_Data_.
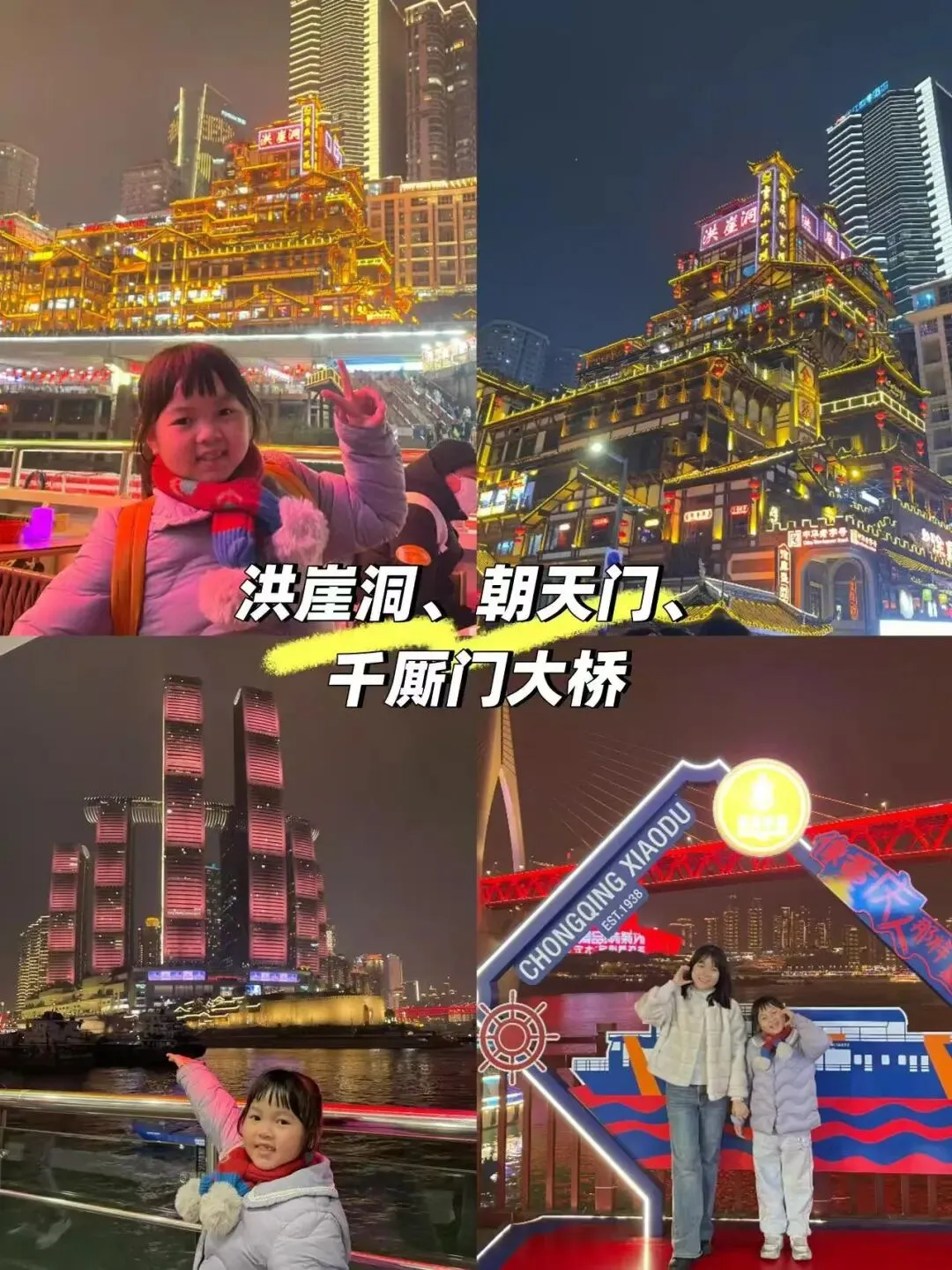 傍晚到重庆北,打车到酒店放行李后,直奔洪崖洞,洪崖洞人超级多,我们带娃坐船夜游两江,在船上看洪崖洞、朝天门、千厮门大桥的夜景非常美[萌萌哒R]
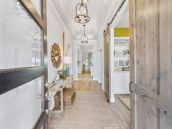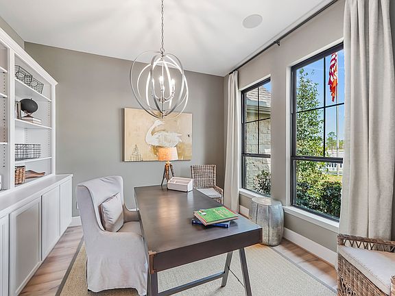 The 4-bedroom, 3-bathroom Burleson floor plan has everything you would need in a home and more. The main floor features a seamless flow between the dining area, family room and kitchen, a flex space, as well as a covered patio. The optional fireplace in the family room will surely add a sense of warmth to the home. The owner's retreat is tucked away towards the back of the home, fitted with a walk-in closet and a luxurious ensuite. The second floor leads you into the spacious loft, flanked by the remaining two bedrooms.
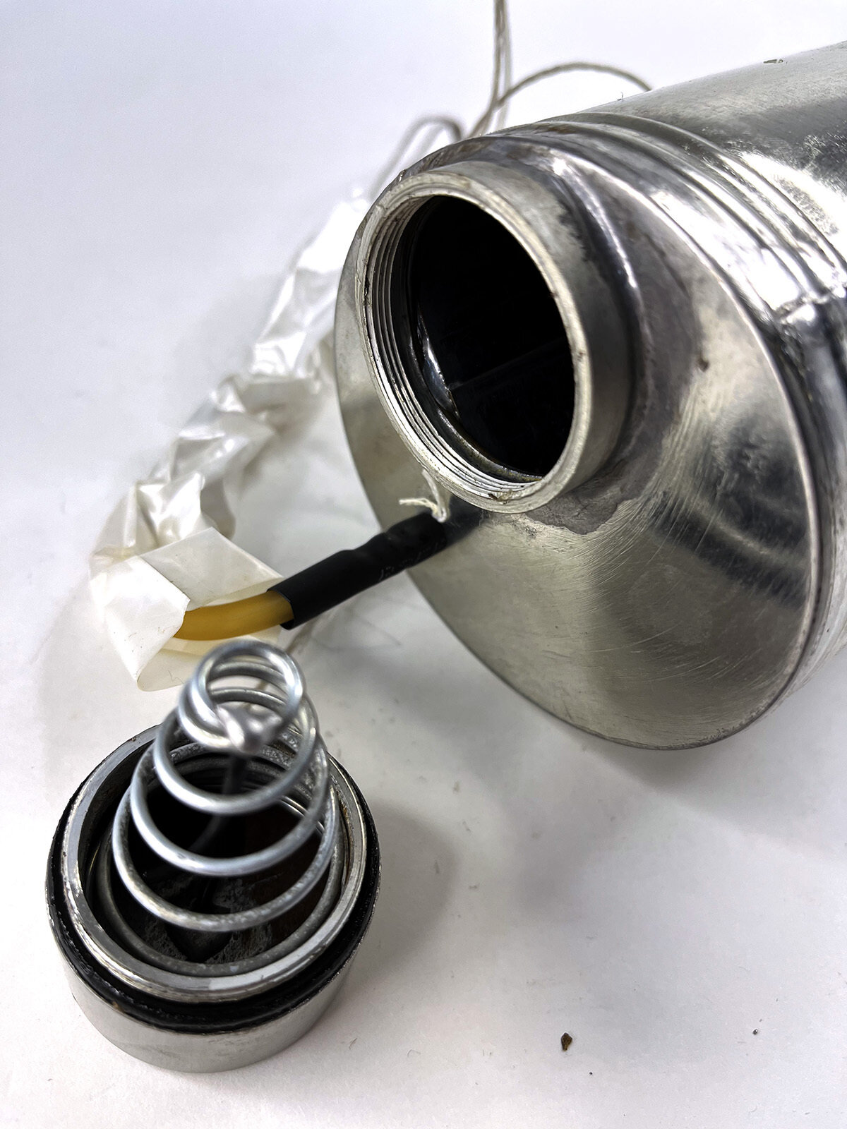 Длина 55 см, диаметр 8.5 см. Работает от 8 батареек ( Установка плюсами вперед по ходу движения торпеды, чтобы горел индикатор зеленым и при переключении шнурком менялся на второй.
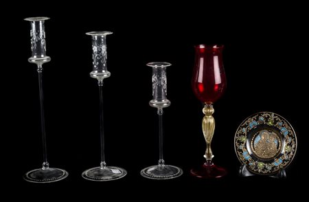 Lotto 21 LOTTO composto da tre PORTACANDELE, CALICE nei toni del rosso rubino e da PIATTINO in vetro di Murano raffigurante "Madonna con Bambino". XX secolo Misure: varie

_Goal of the exercise_. A word-for-word reprint of the listing above is needed, minus the pictures.

_Exercise output_.
 傍晚到重庆北,打车到酒店放行李后,直奔洪崖洞,洪崖洞人超级多,我们带娃坐船夜游两江,在船上看洪崖洞、朝天门、千厮门大桥的夜景非常美[萌萌哒R]
 The 4-bedroom, 3-bathroom Burleson floor plan has everything you would need in a home and more. The main floor features a seamless flow between the dining area, family room and kitchen, a flex space, as well as a covered patio. The optional fireplace in the family room will surely add a sense of warmth to the home. The owner's retreat is tucked away towards the back of the home, fitted with a walk-in closet and a luxurious ensuite. The second floor leads you into the spacious loft, flanked by the remaining two bedrooms.
 Длина 55 см, диаметр 8.5 см. Работает от 8 батареек ( Установка плюсами вперед по ходу движения торпеды, чтобы горел индикатор зеленым и при переключении шнурком менялся на второй.
 Lotto 21 LOTTO composto da tre PORTACANDELE, CALICE nei toni del rosso rubino e da PIATTINO in vetro di Murano raffigurante "Madonna con Bambino". XX secolo Misure: varie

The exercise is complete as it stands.